Pela sua atuação destemida, o pequeno agora gostava especialmente de Cui Jian, afinal, ele era aquele tio tão temido que assustava toda a equipe da creche. Cui Jian, desinteressadamente, respondeu às perguntas do menino, voltou para casa em sua moto elétrica, parou em frente à mansão de Han Meili, pôs o pequeno no jardim e fechou o portão.

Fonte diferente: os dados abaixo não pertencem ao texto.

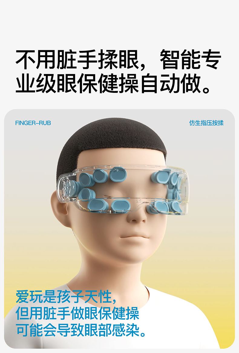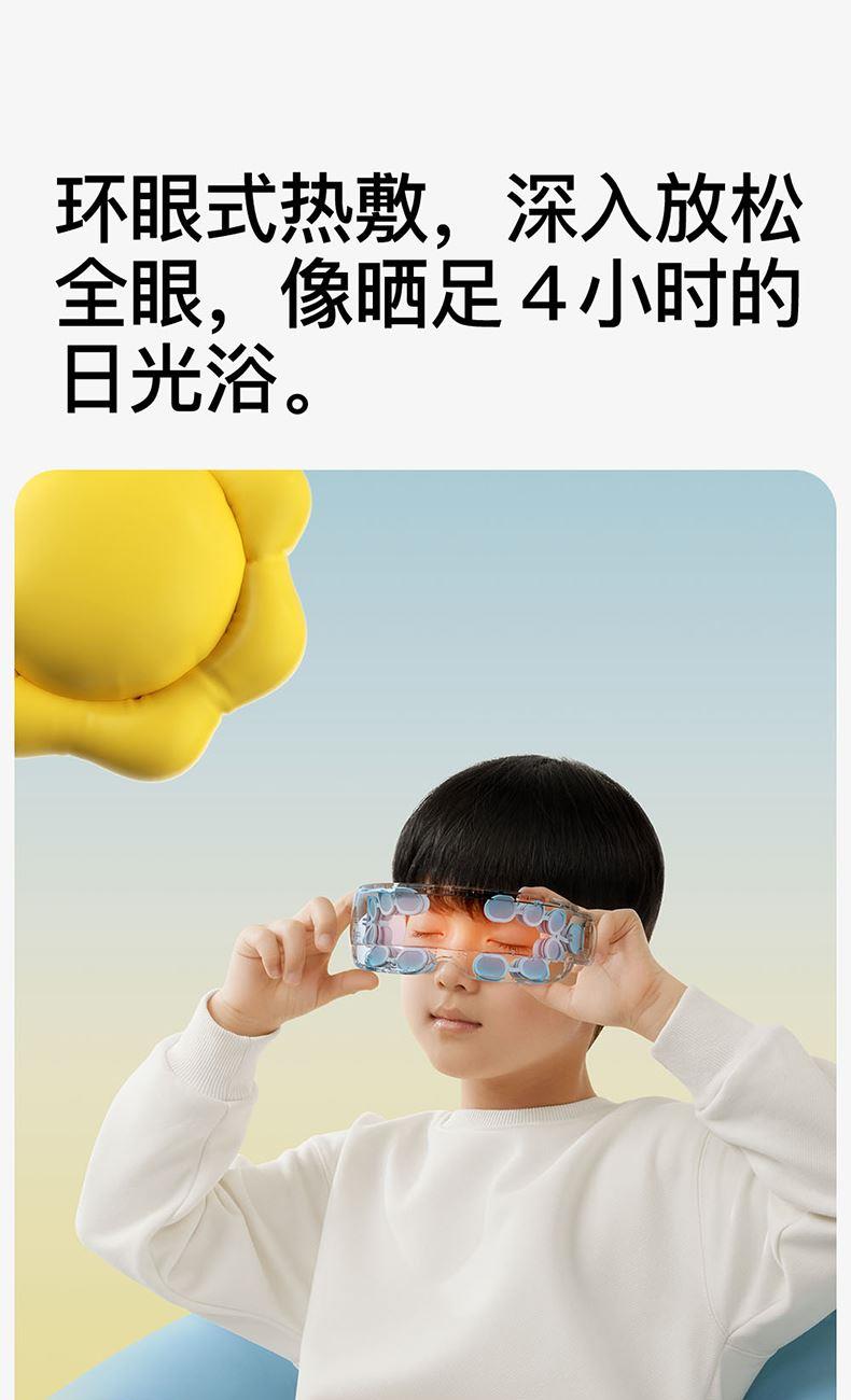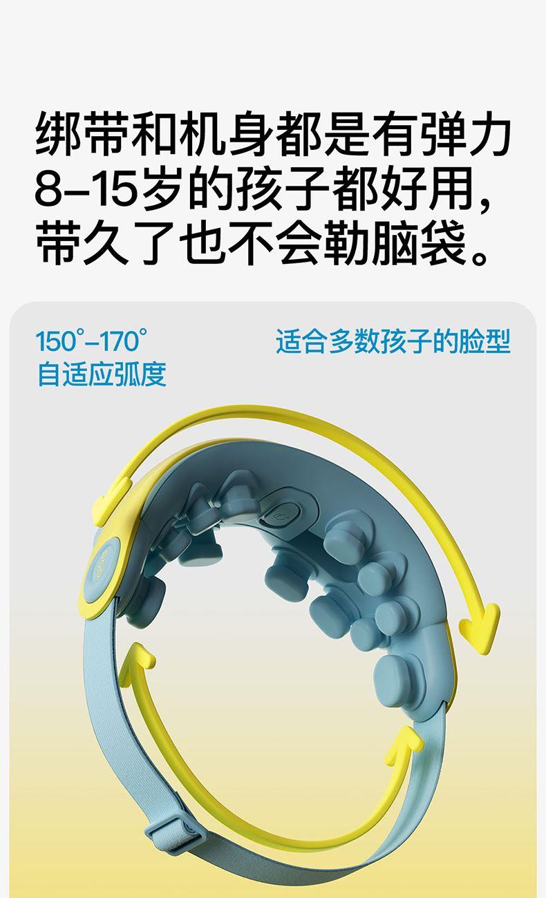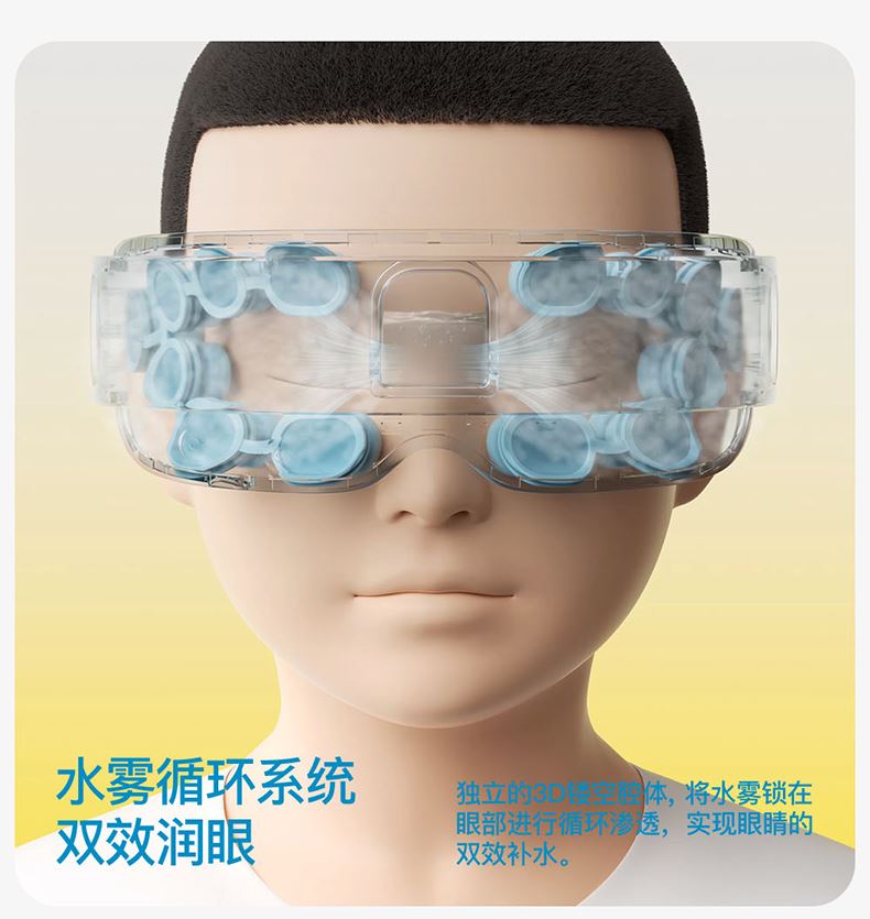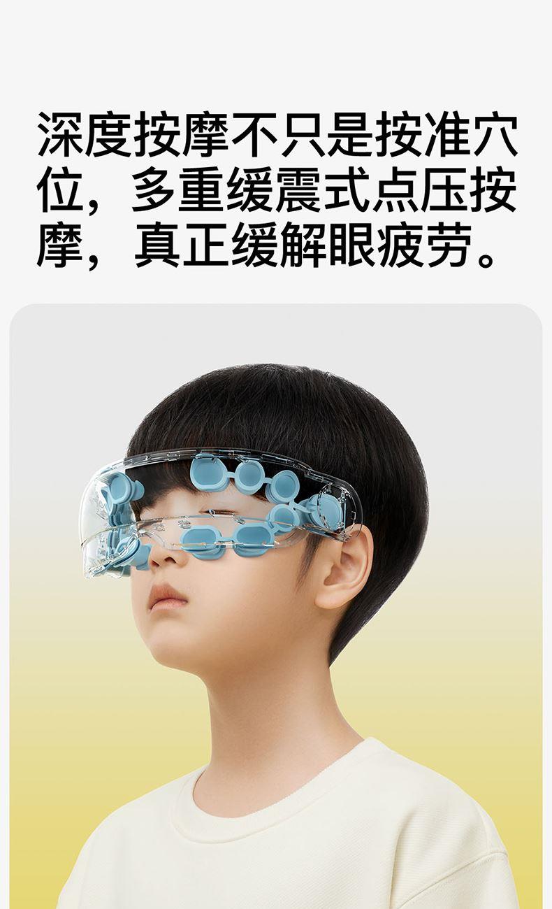产品颜色:粉蓝色、黄绿色、黄蓝色 产品材质 ABS+硅胶+布料 产品重量 218g 电池容量 1800mAh 充电时间 3~4小时 模式调节 4种 续航时间 150分钟/小雾量+低温;80分钟/持续温化+高温 水箱容量 6.5~7ml 热敷温度 38℃/低温档;42℃/高温档 额定输入 5V/1A 产品功能 ●超声微米雾化,超大雾量滋润双眼。 ●仿生指压震动,点对点按揉眼周穴位, ●环眼式热敷,让热感随着按摩一起深入疲惫穴位,放松全眼。 ●经1000+次优化测试,设计适合的机身弧度,更贴合孩子的头型、脸型。 ●设计了 2 颗太阳穴按摩头,重点为了给小朋友放松下大脑。 ●紫外线水箱消毒>99.9%妈妈安心。水箱是可拆卸的,边边角角都可以清洗到。 ●绑带和机身都是有弹力8-15岁的孩子都好用,带久了也不会勒脑袋。 ●按摩头用的是奶嘴同款材质,肌肤敏感的小朋友也能用。 ●满电1次,续航1周,外出用也方便。 ●4个护眼方案, 适合4个不同场景:模式1:活力护眼模式+冷敷,学习思路清晰;模式2: 眼保操模式+热敷,缓解疲劳 保护视力;模式3:舒缓护眼模式+静音,小憩放松 不打扰 休息;模式4:睡眠模式+白噪音,深度放松更助眠。

Cui Jian se preparava para ir para casa fazer o jantar quando ouviu o som de vidro quebrando vindo da mansão número 28. Aproximou-se e viu que o portão de ferro estava aberto, mas nem o velho nem a idosa estavam no jardim; do interior vinham gritos e xingamentos.

Ao entrar na sala, Cui Jian deparou-se com sete brutamontes de braços grossos e tatuagens visíveis nos pescoços e braços. No mundo atual, as tatuagens são comuns, mas na região do Leste Asiático (exceto um certo país) grandes tatuagens costumam estar associadas ao submundo local. Os brutamontes olharam para Cui Jian, tentando intimidá-lo, mas ele os ignorou e olhou para o alto da escada.

Lá estava um jovem magricela de óculos, descendo com um vaso na mão, seguido pelo velho que, segurando o corrimão, xingava o filho e tentava alcançá-lo trêmulo. Ao ver Cui Jian, o velho gritou: “Cui Jian, ele está roubando, mas não machuque o vaso!”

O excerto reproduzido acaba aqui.